Regardless of the note rate, it is important to realize that you do not make money in real estate by making a mortgage payment, you make money in real estate through home appreciation. Mortgage payments on an amortization schedule are a double loss because most of the payment goes to the bank in the form of interest, along with the opportunity cost of those funds not being invested (or being withdrawn out of investments prematurely).
A HECM protects you from that opportunity cost because the monthly principal and interest payment is not required,* so you are free to divert those funds to a more advantageous account. While your mortgage balance will grow over time, your home value will likely grow more, and the interest accrued is largely accumulated on the back end, not heavily paid up front. Additionally, if you are using a 30-year fixed mortgage for a low payment, the required principal and interest payment for a HECM is zero – so by that metric, the choice is obvious.
Unnecessary
Finally, a mortgage payment is unnecessary. Why make a mortgage payment if you don’t have to? More importantly, why sign up for a loan program which would REQUIRE a monthly mortgage payment on a fixed schedule when there is another product which allows optional payments on a flexible schedule?
It’s always better to have more flexibility in a monthly budget so you can adjust as needed. Many academic studies have shown the HECM consistently helps retirees achieve a better result than not using one because people with more options generally outperform people with less.
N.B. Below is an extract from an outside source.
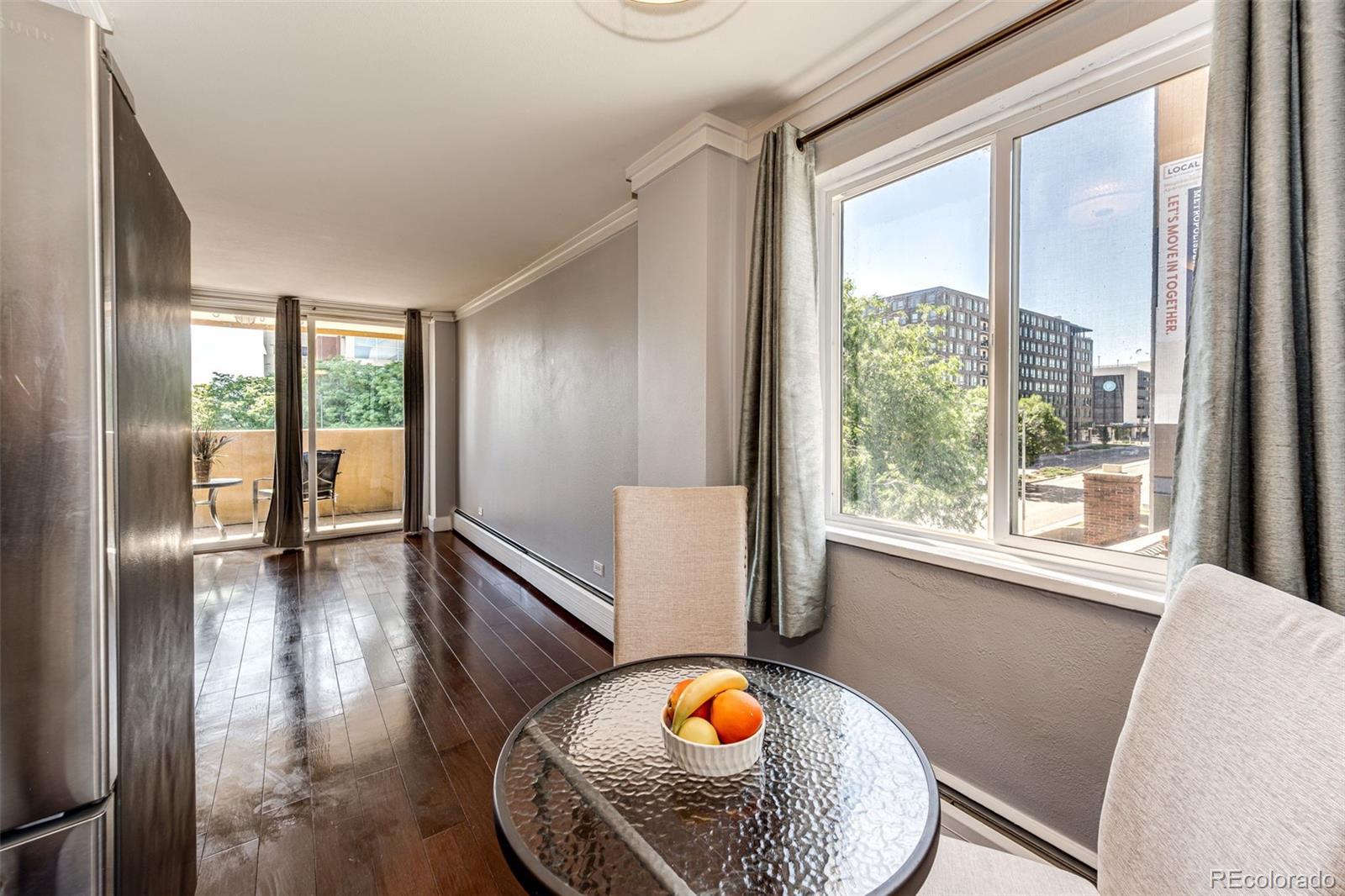 Desirable area in Congress Park!! Urban living in an excellent location, steps away from all conveniences, restaurants, Bars, AMC, and Trader Joe's. Move in ready! 1 Large bedroom + 1 full Bath. Oversize living room for entertaining. Private covered balcony just off the living room. All appliances included. Extra storage with 3 closets not including the spacious bedroom closet. HOA covers Heat, Water and Sewer. Game room/clubhouse on the main level. Coin Op Laundry to the Right of the front door, just steps away from your unit. One reserved parking space (use only).
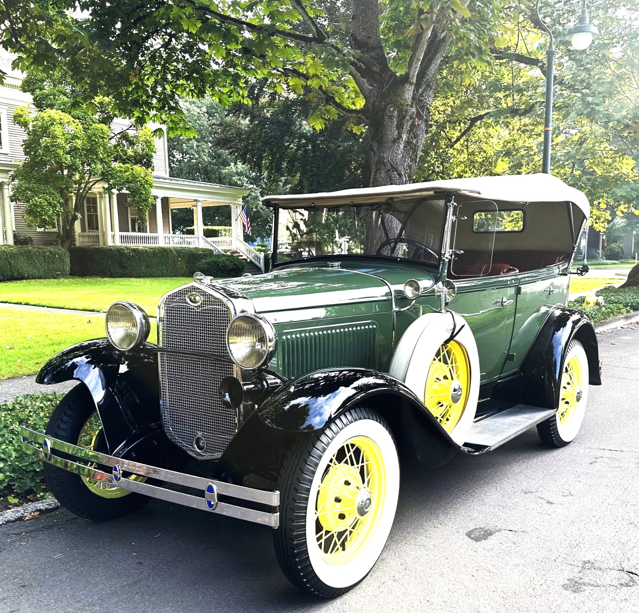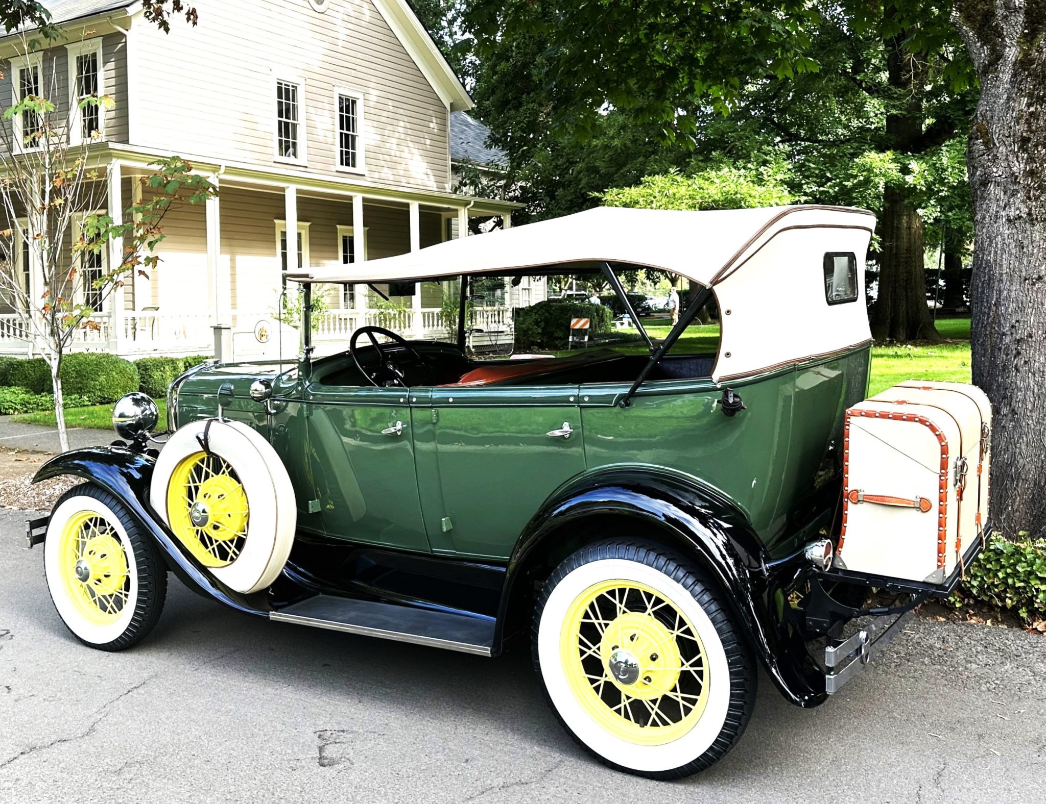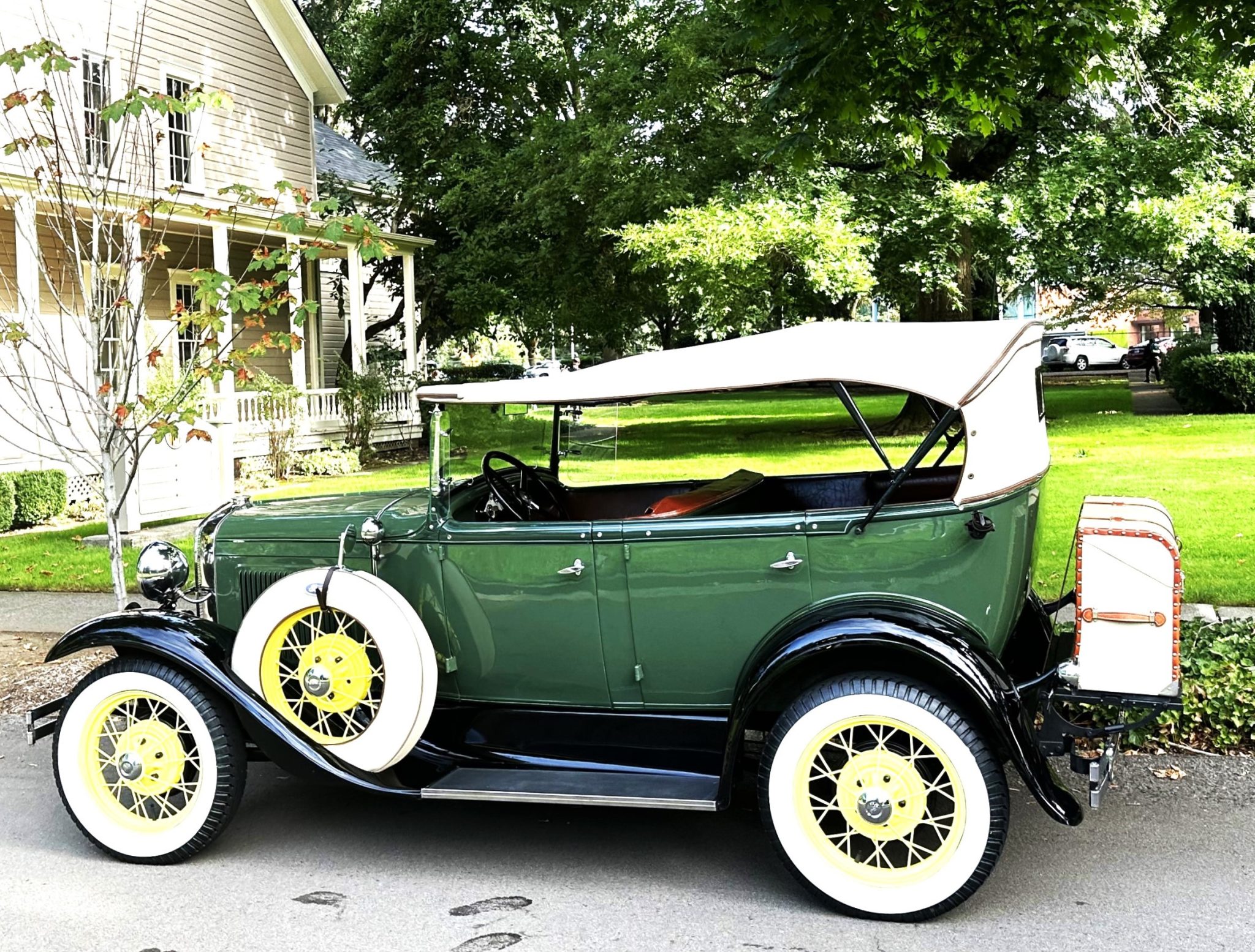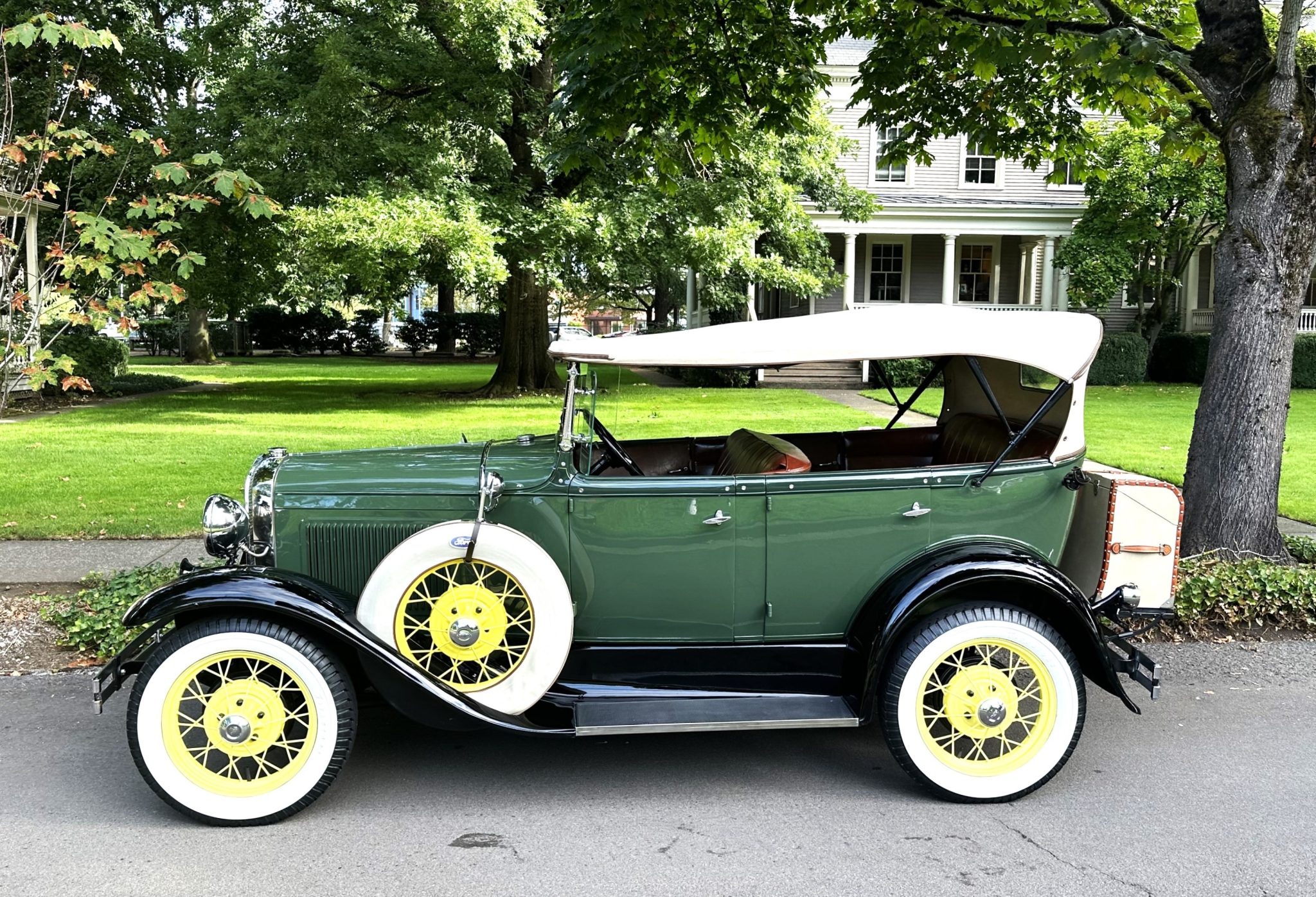 Yellow-painted 19″ wire wheels are mounted with Firestone tires measuring 4.75-5.00, and matching spares are mounted in the front fenders under covers topped by mirrors. Braking is provided by four-wheel drums.

HECM: A Superior Retirement Option
In summary, a Home Equity Conversion Mortgage is a far superior product for retirees compared to a standard 30-yr loan or a HELOC because it allows seniors to optimize liquidity and cashflow simultaneously. I believe it is also better than owning your house free and clear because the line of credit can be accessed in an emergency but only the funds drawn will accrue interest.
You don’t make money in real estate with a mortgage payment, you make money in real estate through appreciation. Making a mortgage payment in retirement is dangerous, inefficient, and unnecessary, but a HECM helps you mitigate all three of those risks. Climbing Mt. Everest and owning a home are both huge achievements – just make sure you have the right equipment for getting back down the other side.